Continued from the previous post, these are the remaining five words of advice from Adoniram Judson for missionary candidates:

Sixthly.  Beware of the greater reaction which will take place after you have acquired the language, and become fatigued and worn out with preaching the gospel to a disobedient and gainsaying people.  You will sometimes long for a quiet retreat, where you can find a respite from the tug of toiling at native work—the incessant, intolerable friction of the missionary grindstone.  And Satan will sympathize with you in this matter; and he willScreen_Shot_2016-01-29_at_2.31.22_PM present some chapel of ease, in which to officiate in your native tongue, some government situation, some professorship or editorship, some literary or scientific pursuit, some supernumerary translation or, at least, some system of schools; anything, in a word, that will help you, without much surrender of character, to slip out of real missionary work.  Such a temptation will form the crisis of your disease.  If your spiritual constitution can sustain it, you recover; if not, you die.

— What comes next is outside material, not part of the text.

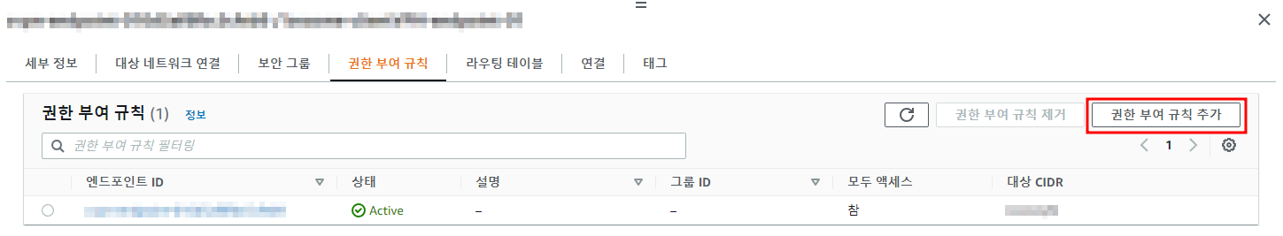 "권한부여" 탭으로 들어가 모든 트래픽(0.0.0.0/0)에 대한 접속을 허용할 수 있도록 수신승인 설정한다.
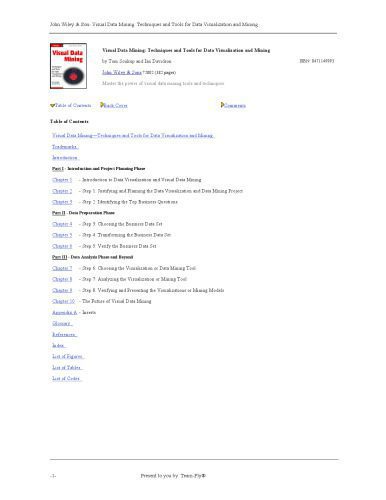 خرید و دانلود نسخه کامل کتاب Visual Data Mining: Techniques and Tools for Data Visualization and Mining

Seventhly.  Beware of pride; not the pride of proud men, but the pride of humble men—that secret pride which is apt to grow out of the consciousness that we are esteemed by the great and good.  This pride sometimes eats out the vitals of religion before its existence is suspected.  In order to check its operations, it may be well to remember how we appear in the sight of God, and how we should appear in the sight of our fellow men, if all were known.[1]  Endeavor to let all be known.  Confess your faults freely, and as publicly as circumstances will require or admit.  When you have done something of which you are ashamed, and by which, perhaps, some person has been injured (and what man is exempt?), be glad not only to make reparation, but improve the opportunity for subduing your pride.

Eighthly.  Never lay up money for yourselves or your families.  Trust in God from day to day, and verily you shall be fed.

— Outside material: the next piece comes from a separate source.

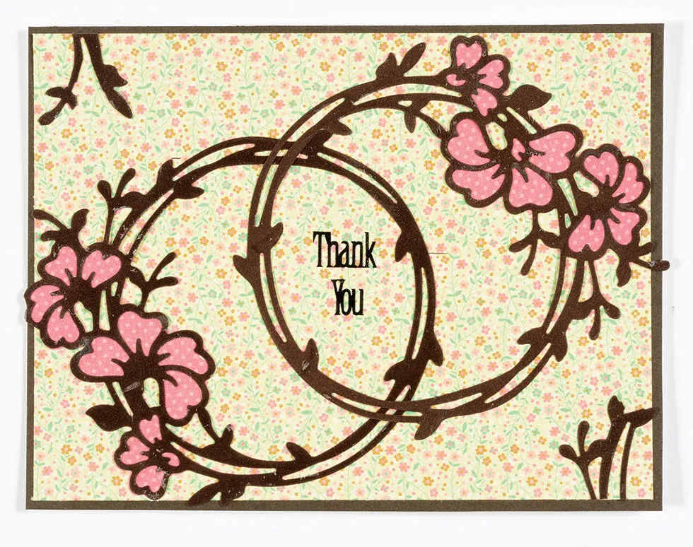 Die cut two wreaths from Moka Suede paper. Die cut two sets of flower backs from Emma’s Garden pink dot paper. Glue the flower backs onto the flowers. Glue one wreath with the flowers on the bottom left corner. Glue the second one with the flowers on the top right corner.

Ninthly.  Beware of that indolence which leads to a neglect of bodily exercise.  The poor health and premature death of most Europeans in the East must be eminently ascribed to the most wanton neglect of bodily exercise.  

Tenthly.  Beware of genteel living.  Maintain as little intercourse as possible with fashionable European society.  The mode of living adopted by many missionaries in the East is quite inconsistent with that familiar intercourse with the natives which is essential to a missionary.  There are many points of self-denial that I should like to touch upon; but a consciousness of my own deficiency constrains me to be silent.  I have also left untouched several topics of vital importance, it having been my aim to select such only as appear to me to have been not much noticed or enforced.  I hope you will excuse the monitorial style that I have accidentally adopted.  I assure you, I mean no harm.  In regard to your inquiries concerning studies, qualifications, etc., nothing occurs that I think would be particularly useful, except the simple remark, that I fear too much stress begins to be laid on what is termed a thorough classical education.  Praying that you may be guided in all your deliberations, and that I may yet have the pleasure of welcoming some of you to these heathen shores, I remain

Your affectionate brother,

A. Judson[2]



[1]Italics are original. 

[2] Edward Judson, The Life of Adoniram Judson (New York: Anson D. F. Randolf & Company, 1883), 578-579;  Francis Wayland, A Memoir of the Life and Labors of the Rev. Adoniram Judson, D.D. (Boston: Phillips, Samson, and Company, 1853), 2:39-41.